Uno juraba y apostaba su cabeza a que yo no era de allí, hasta que otro que prácticamente conocía a la especie, decía doctoralmente: Usted es Americano.

-¿Pero de adónde será? porque habla el castellano mejor que muchos españoles -observaba otro.

No faltaba quien se empeñara en hacerme andaluz.

La clase popular de España, aunque tosca y grosera a más no poder, es mejor que la de muchas otras partes: muy honrada, muy servicial y muy delicada; muy espontánea y muy original en sus chistes.

Los puntos de semejanza entre España y nuestros pueblos son tantos, que sólo de tarde en tarde y como saliendo de un sueño, me acordaba de que estaba en Europa.

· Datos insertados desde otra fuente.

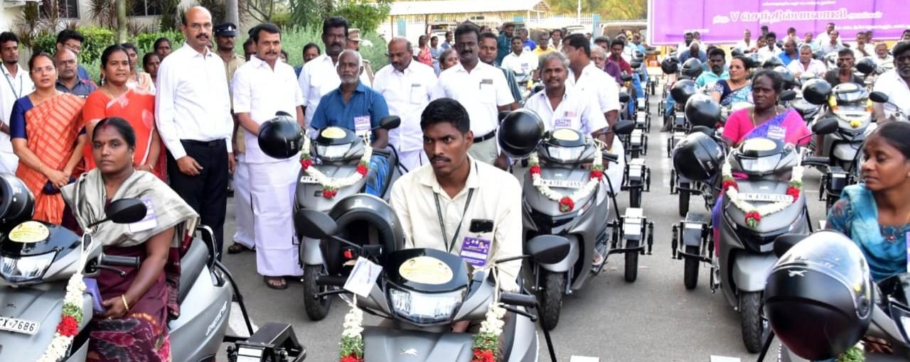 கரூர் மாநகராட்சிக்குட்பட்ட பகுதிகளில் ரூ.8.79 கோடி மதிப்பீட்டில் 1 புதிய வளர்ச்சித் திட்டப் பணிகளை தொடங்கி வைத்தும், 2 முடிவுற்ற திட்டப் பணிகளை திறந்து வைத்தார். கரூர் சட்டமன்ற உறுப்பினர் வி.செந்தில்பாலாஜி, மாவட்ட ஆட்சியர் கு.ரவிகுமார் தலைமையில், மாவட்ட ஆட்சியர் அலுவலக வளாகத்தில் நடைபெற்ற நிகழ்ச்சியில் மாற்றுத்திறனாளிகள் நலத்துறையின் சார்பாக 80 மாற்றுத்திறனாளிகளுக்கு ரூ.81.44 இலட்சம் மதிப்பீட்டில் இணைப்புச் சக்கரம் பொருத்தப்பட்ட பெட்ரோல் ஸ்கூட்டர்களை வழங்கி,கரூர் மாநகராட்சிக்குட்பட்ட பகுதிகளில் ரூ.8.79 கோடி மதிப்பீட்டில் 1 புதிய வளர்ச்சித் திட்டப் பணிகளை தொடங்கி வைத்து மற்றும் 2 முடிவுற்ற பணிகளை திறந்து வைத்தார்.

No cerraré este capítulo sin consignar la interpretación tan privativa que se da en el Viejo Mundo a la palabra Americano: para los franceses quiere decir brasileño o mexicano; para los españoles, de Cuba o Puerto Rico, y para el resto de los europeos, yankée. Así es cómo mis futuros compañeros de viaje, italianos, alemanes, griegos, rusos, turcos, franceses, debían más tarde felicitarme por el ningún acento inglés con que hablaba yo las lenguas extranjeras, cuando les decía que era yo americano.